Written by Steve Carter – Trees for Life Board Member

In January of 2012, James Kishlar, the director of Agro-forest Regional Nursery (ARN), an organization whose aims are to plant trees, broaden crop diversity, and expand job opportunities in Haiti, contacted Trees For Life after reading about the Moringa tree on the Trees For Life web site.  We at Trees For Life were happy to share what we had learned about the Moringa tree and what we were doing to encourage the utilization of Moringa to fight malnutrition and assist individuals and organizations world-wide in achieving their economic, social, and environmental goals.  Since that time, James has made the Moringa tree one of the most important species he hopes to plant and establish in Haiti.

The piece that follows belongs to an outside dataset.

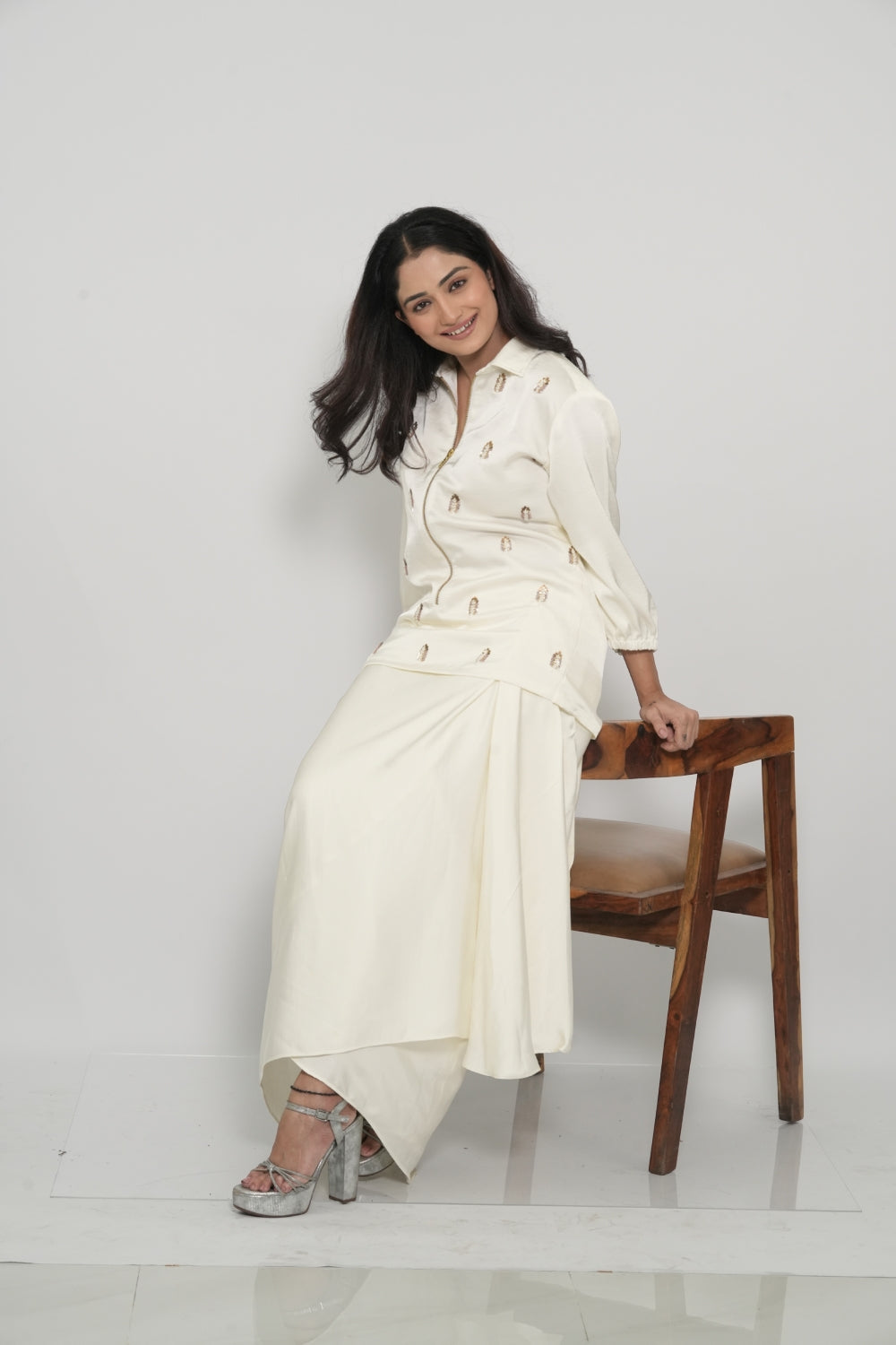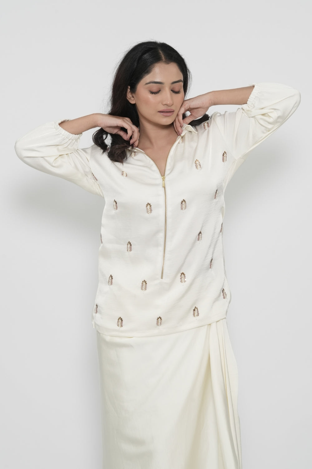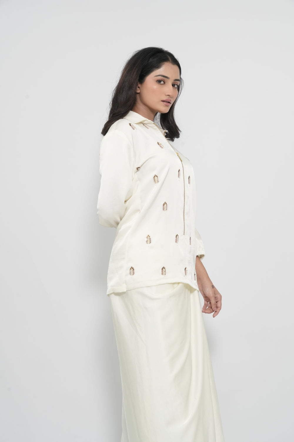 | Description | Crafted in lustrous satin, this white shirt features fine embroidery |
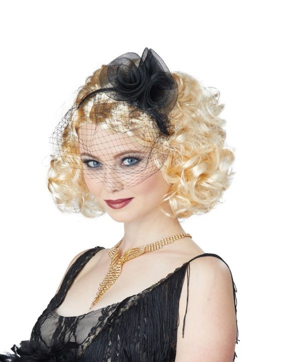 Парик блондинки 20-х годов - короткий кудрявый парик с черным ободком с прикрепленными тканевыми розами и вуалью.

In a recent email, James reports on some of the efforts his organization is making to expand the use of Moringa in Haiti:  “Our Moringa Day was on June 5, 2013, a part of Environmental Day in Haiti. We were participating with the Haitian organization Programme National pour la culture et l’utilisation du Moringa- Benzolive : PLANDOLIV. Our part, which we financed,  took place at Digue Matheux and Barbancourt. The children were given Moringa trees free of charge to plant at their homes, with a guarantee from us that if their trees lived for one year they would be rewarded. We are scheduled to have a Moringa Planting Day, within 2 weeks where the same children will be planting 35,000 Moringa trees within ‘live fence’ sites.”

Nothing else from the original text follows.